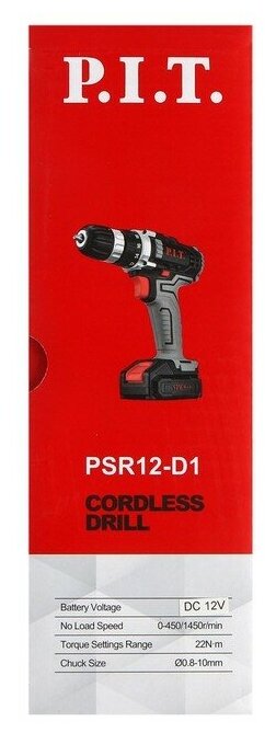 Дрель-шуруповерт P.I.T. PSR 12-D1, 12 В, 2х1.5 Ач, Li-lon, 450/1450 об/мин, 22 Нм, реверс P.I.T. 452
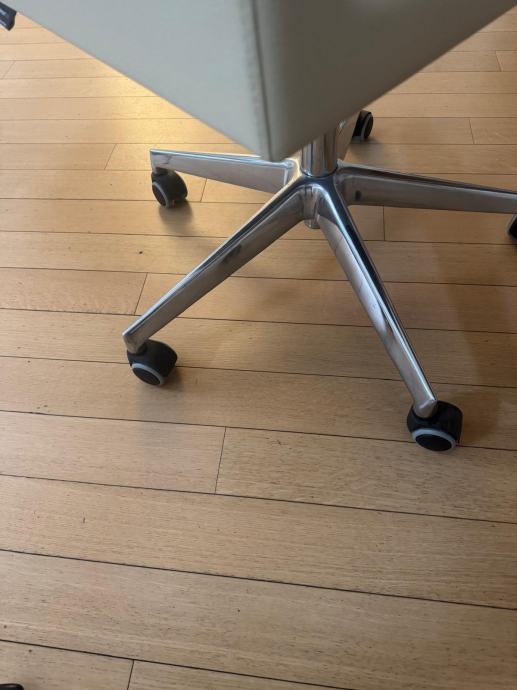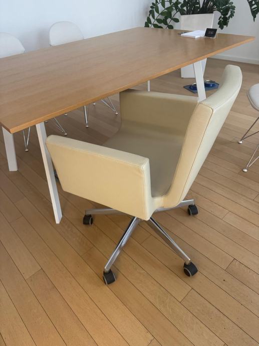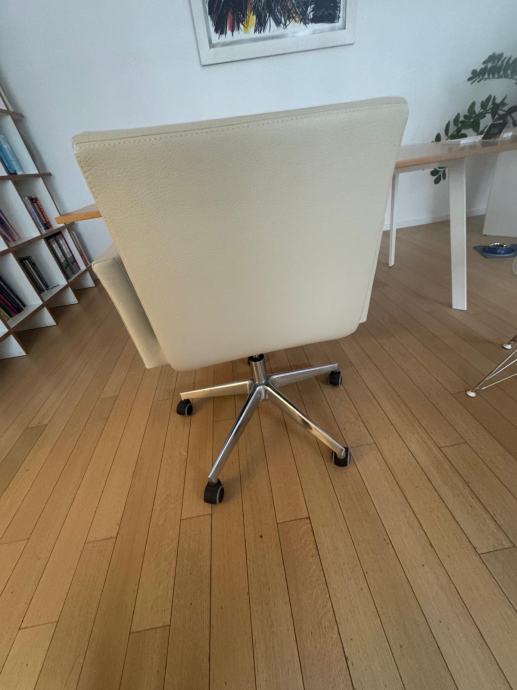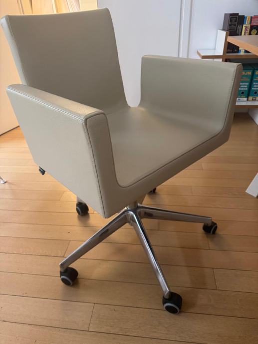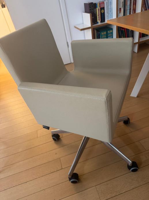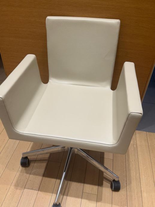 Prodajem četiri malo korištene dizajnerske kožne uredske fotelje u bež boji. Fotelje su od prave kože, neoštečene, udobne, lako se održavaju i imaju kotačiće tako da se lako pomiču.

------------------------------------------------------------

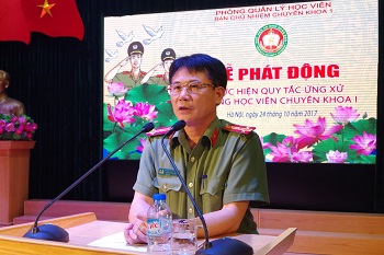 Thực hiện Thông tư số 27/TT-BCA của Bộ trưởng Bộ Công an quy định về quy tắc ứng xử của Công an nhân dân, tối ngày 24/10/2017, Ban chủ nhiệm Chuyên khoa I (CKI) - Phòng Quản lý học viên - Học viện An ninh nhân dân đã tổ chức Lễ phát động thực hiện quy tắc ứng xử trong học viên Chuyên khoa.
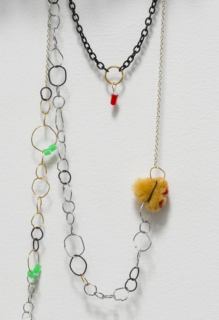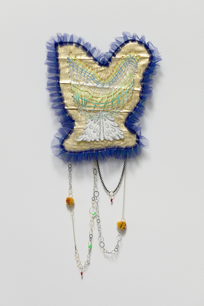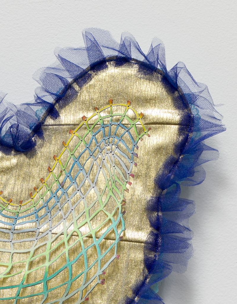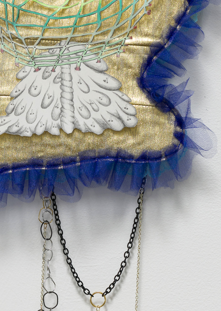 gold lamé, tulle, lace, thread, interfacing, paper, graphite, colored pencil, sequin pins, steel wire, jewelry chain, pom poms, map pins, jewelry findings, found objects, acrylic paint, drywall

------------------------------------------------------------

### Work instruction:
The reply should hold the entries above from the line with "Дрель-шуруповерт P.I.T. PSR" to the line with "Prodajem četiri malo", duplicated exactly, pictures excluded.

### Task output:
 Дрель-шуруповерт P.I.T. PSR 12-D1, 12 В, 2х1.5 Ач, Li-lon, 450/1450 об/мин, 22 Нм, реверс P.I.T. 452
 Prodajem četiri malo korištene dizajnerske kožne uredske fotelje u bež boji. Fotelje su od prave kože, neoštečene, udobne, lako se održavaju i imaju kotačiće tako da se lako pomiču.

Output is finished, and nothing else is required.